Probably the most interesting difference between the implementations is that Robert's and Russel's both use explicit news and deletes and mine does not. I don't mean to say that there is anything wrong with raw pointers - I use them all the time - I simply chose a different approach to the problem using vectors and indices instead. The fact that the nodes are named with successive integers and may be referenced by a 'preorder' number, an integer, suggested a vector would be an obvious data structure to use.

Using collections, such as vectors, can make the code simpler, less likely to leak memory and easier to make exception-safe.

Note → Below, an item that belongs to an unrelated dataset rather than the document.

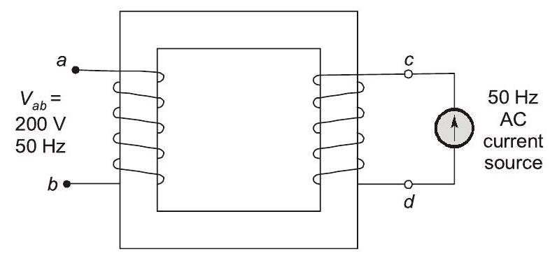 When the winding of the single-phase, , two winding transformer is supplied from an AC current source of frequency , the rated voltage of (rms), is obtained at the open-circuited terminals . The cross sectional area of the core is and the average core length traversed by the mutual flux is . The maximum allowable flux density in the core is and the relative permeability of the core material is 5000. The leakage impedance of the winding and winding at are and , respectively. Considering the magnetizing characteristics to be linear and neglecting core loss, the self-inductance of the winding a-b in millihenry is _________ (Round off to 1 decimal place).

I think the code is in the spirit of the Google paper, which was that it should be written using "the default, idiomatic data structures in each language, as well as default type systems, memory allocation schemes, and default iteration constructs the basic facilities provided in the language."

Is it correct?


If it was not a requirement to be correct we could give an answer to any problem in an arbitrarily short time. So let's ask first if the code gives the right answer.

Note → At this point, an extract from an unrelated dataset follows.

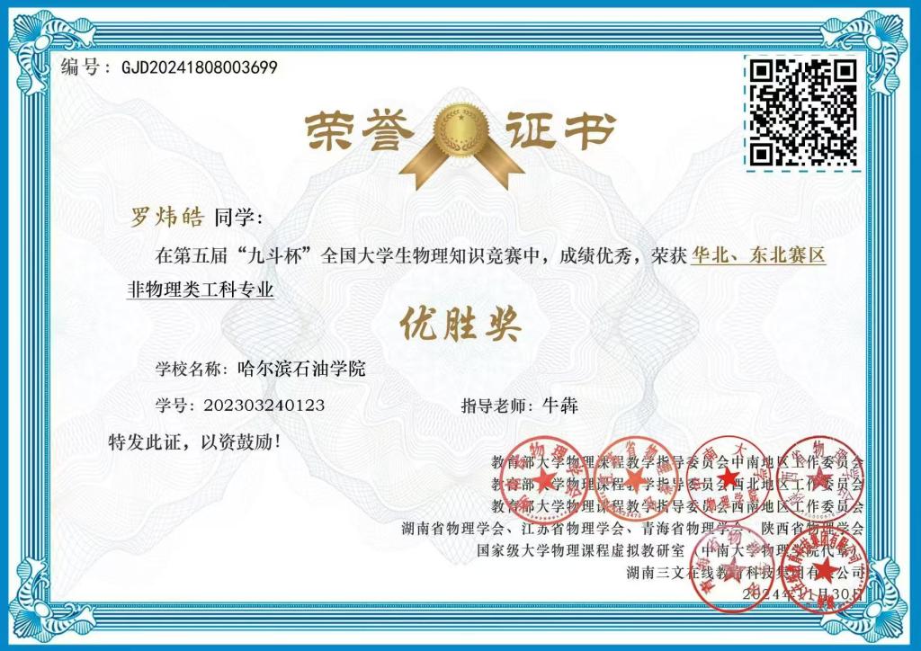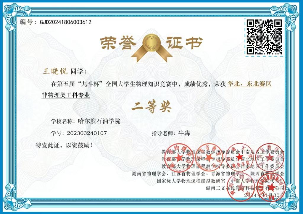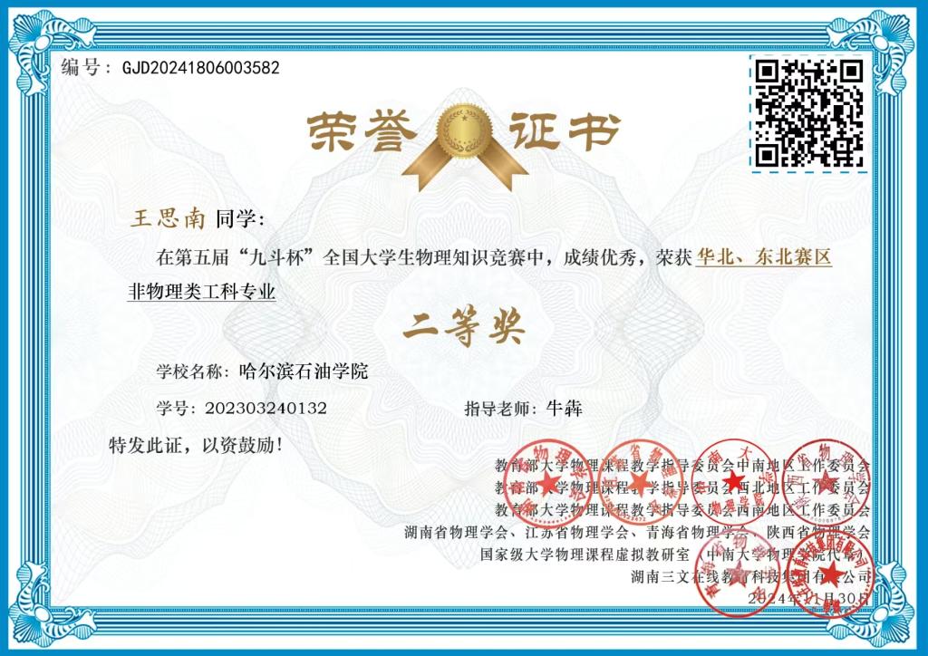 2024年12月16日,第五届“九斗杯”全国大学生物理知识竞赛决赛成绩公布并发放证书。伟德官网学生首次参赛,经过初赛、复赛两个阶段,荣获“华北、东北赛区”一等奖2项、二等奖4项和三等奖2项,其中2位同学晋级全国决赛。

My code calculates there are 76,001 loops in the test graph. Robert's gives 76,002 and Russel's gives 76,000. Oh dear. Which is right?

Playing with Robert's code I found that it always exaggerates the number of loops by exactly one; for example it returns 1 for a graph containing no loops at all. So adjusting for this means mine and Robert's agree.

I corresponded briefly with Russel and he was kind enough to respond to my questions. It turns out there is a slight difference between Russel's graph and Robert's in the first few nodes: in Robert's there is an edge connecting nodes 1 -> 2, in Russel's there isn't. This difference means there is one less loop in Russel's graph, so his result is correct for his graph.

Looking at the code that builds the graph I would have said there were ((((3 x 25) + 1) x 100) + 1) x 10 = 76,010. But I'd be wrong, probably because overlapping loops are not counted more than once, so the 'and 10' becomes 'and 1'.

In short, I believe there are 76,001 loops in the Robert Hundt C++ graph and my implementation counts them correctly.

I like to remember I have an amazing symbol manipulation tool at my command that I can use to help me check my own work. (Not my own brain, lol.) I mean I may be able to write some code to test my code. Since I have the two Google implementations to test against the obvious thing to do is to build some graphs and compare the loop counts returned by each implementation. I wrapped each in its own namespace and linked all three into one test program.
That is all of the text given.